Previous studies have identified correlation between sagittal posture alteration and low back pain (LBP) as well as neck pain (9). On the other hand, the effect of pain on normal posture has been shown in the past studies (10).
There are some associated factors, which may play important roles in pathogenesis and persistence of musculoskeletal complaints in dentistry. Some of these proposed factors include static and dynamic awkward postures, repetitive movements (11, 12), fine-tuned function (13), vibrating instruments (14, 15), inappropriate lighting (11,16), genetic factors, physical conditioning, emotional stress and psychological factors (17, 18). These features of clinical work are the predisposing factors for continued static positions (19, 20), prolonged spinal flexion (21) and poor posture (22,23). Otherwise, there may be some potential parameters, which may have a role, including age, gender, occupational experience, academic grade, dominant hand, working hours and specialty.
In addition to effects on personal life, previous studies have identified that MSDs in dentistry may considerably influence the social life and result in diminished working efficacy and early retirement. (22,24-26).
To our knowledge, although the musculoskeletal health of dentists has been the subject of numerous published works, however, their focus has been on the pain and working posture rather than habitual posture (25, 27). As the faulty habitual posture may have a significant role in development and persistence of musculoskeletal pain and consequently unfavorable effects on the carrier of dentists and due to the paucity of available evidence regarding postural abnormalities of dental professionals, the objective of the present study was to investigate the prevalence of the head, shoulder and spinal postural disorders and to determine the probably correlated personal and occupational factors in the Iranian academic dentists.
3. Patients and Methods
This descriptive study was conducted in January 2012 to June 2013 on 96 dental staff including academic professors, residents and senior students in Tehran University of Medical Sciences. They were invited to participate via written notification, email, short message system and face to face. Exclusion criteria were any history of known rheumatoid disorders, cancer, neurologic disorders, trauma as well as surgery in shoulders and spine.
First, the procedures were explained for each participant and all of them signed the informed consent form; then, personal and occupational characteristics of participants, including gender, age, dominant hand, academic grade, specialty, occupational experiences, daily and weekly working hours and current musculoskeletal pain as well as its location were recorded using a researcher-made questionnaire. The anthropometric measurements were assessed by stadiometer for height (meter) and medical scale for weight (kilogram). body mass index (BMI) was calculated by dividing weight to square height (kg/[m.sup.2]).
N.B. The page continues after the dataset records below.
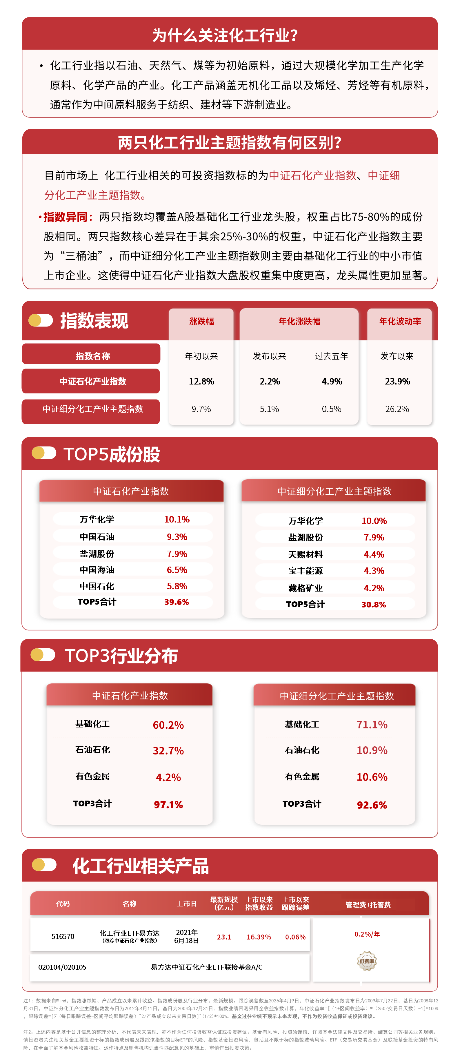 化工品涨价潮扩散,低费率的化工行业ETF易方达(516570)紧密跟踪中证石化产业指数
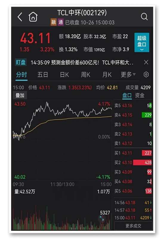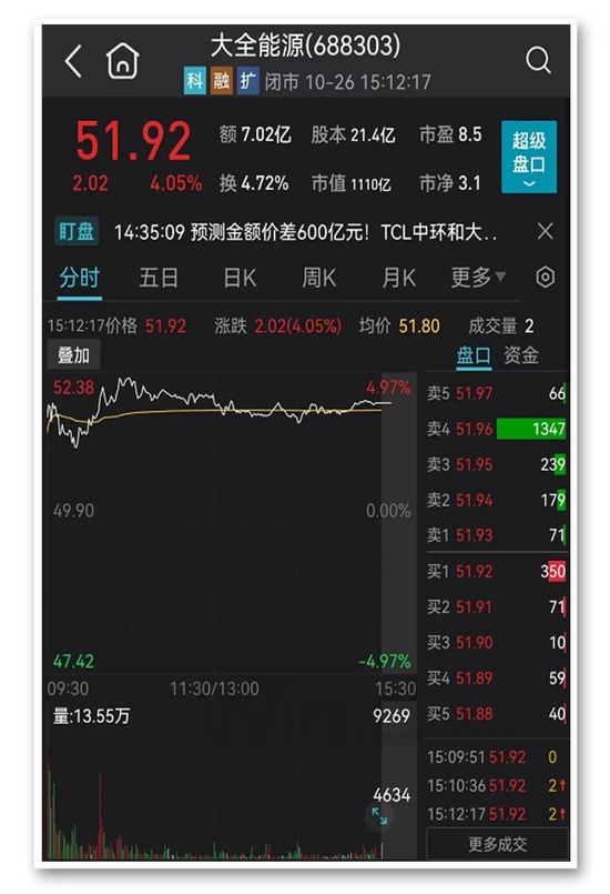 大全能源和TCL中环今日分别上涨4.05%和3.23%,市值分别达1110亿元和1393亿元。
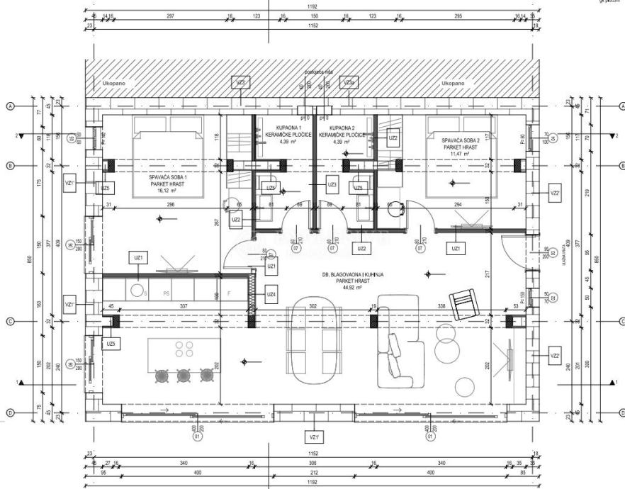 Grijanje i hlađenje pomoću podnog grijanja (dizalica topline) i klima uređaja.
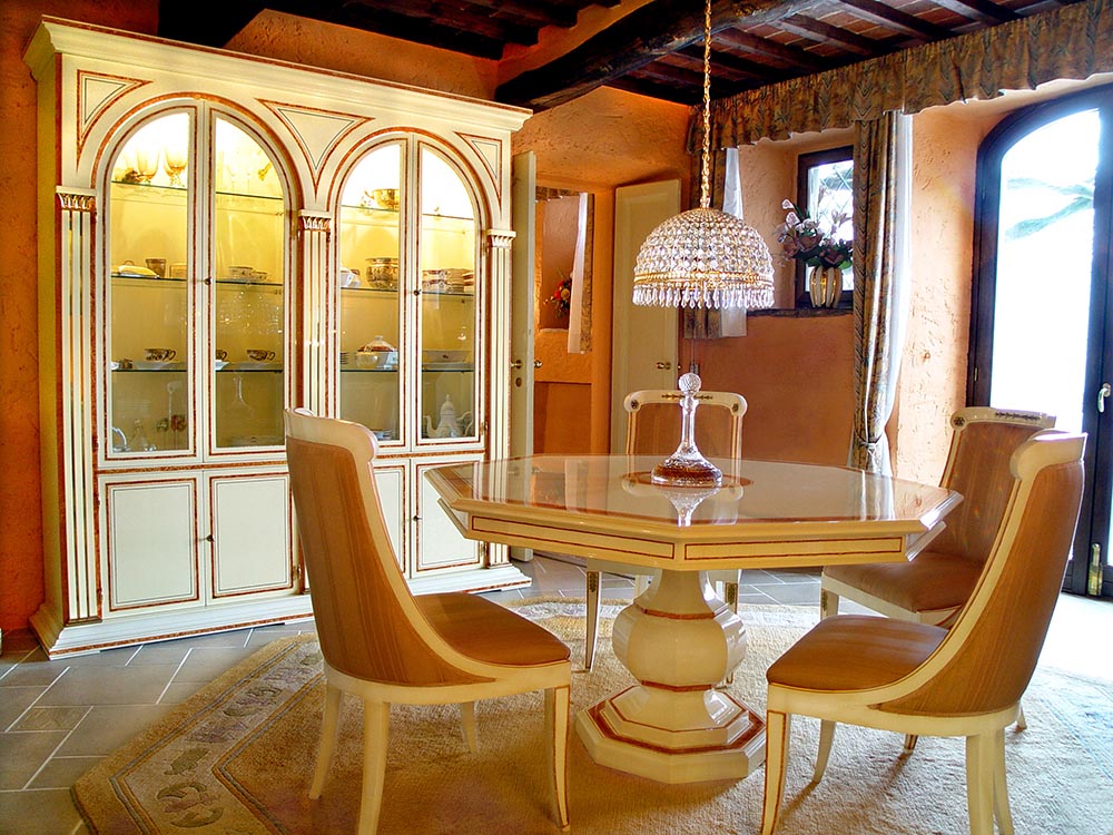 Soft yellows and earthen tones are the backdrop for the incredible art and antique collection. The furniture, art and antiques are valuable, precious pieces, from original paintings, unique antiques to the Christoffle silverware from France. The stunning centerpiece in one living room is an original “Louis XVI Bureau Plat” to which also belongs the original light fixture and an authentic Italian secretaire with masterfully crafted inlay work. Adding greatly to the comfort and atmosphere of the residence are Tibetan and Persian carpets, Italian Crystal Murano glass chandeliers, candelabras, a huge Venetian mirror and baroque mirrors. Further highlight of the exquisite treasures in the house is porcelain, custom made by “Limoges” to match the octagonal dining room fable. The dining room furniture set was hand crafted by a Milanese carpenter and is inlaid with ivory. The dining room china cabinet holds the Russian “Flora Danica”, which was a gift from the Royal family to the last Russian Czar. There is more precious bone china by “KPM” and “Meissen”, lead crystal carafes, vials and old English miniatures. In the upstairs library you find beautiful original paintings and even Napoleon Bonapart’s campaigning clock is amongst the treasures.

An expert physician assessed the posture of all participants with palpation and marking the determined landmarks using small and non-allergenic stickers. These landmarks included the tragus of the left ear, the left acromial process and the left lateral malleolar process and the spinous process of 7th cervical vertebra.
Forward head posture, rounded shoulder posture and scoliosis were assessed using a plumb-line and checkerboard. Assessment first was done in sagittal plane. The participants were asked to stand laterally behind the plumbline on the predetermined feet locations, and then forward bending was done three times. Afterwards, they were instructed to stand in their normal, comfortable posture, arms resting by the sides, with feet shoulder-width apart and equally balanced on both feet.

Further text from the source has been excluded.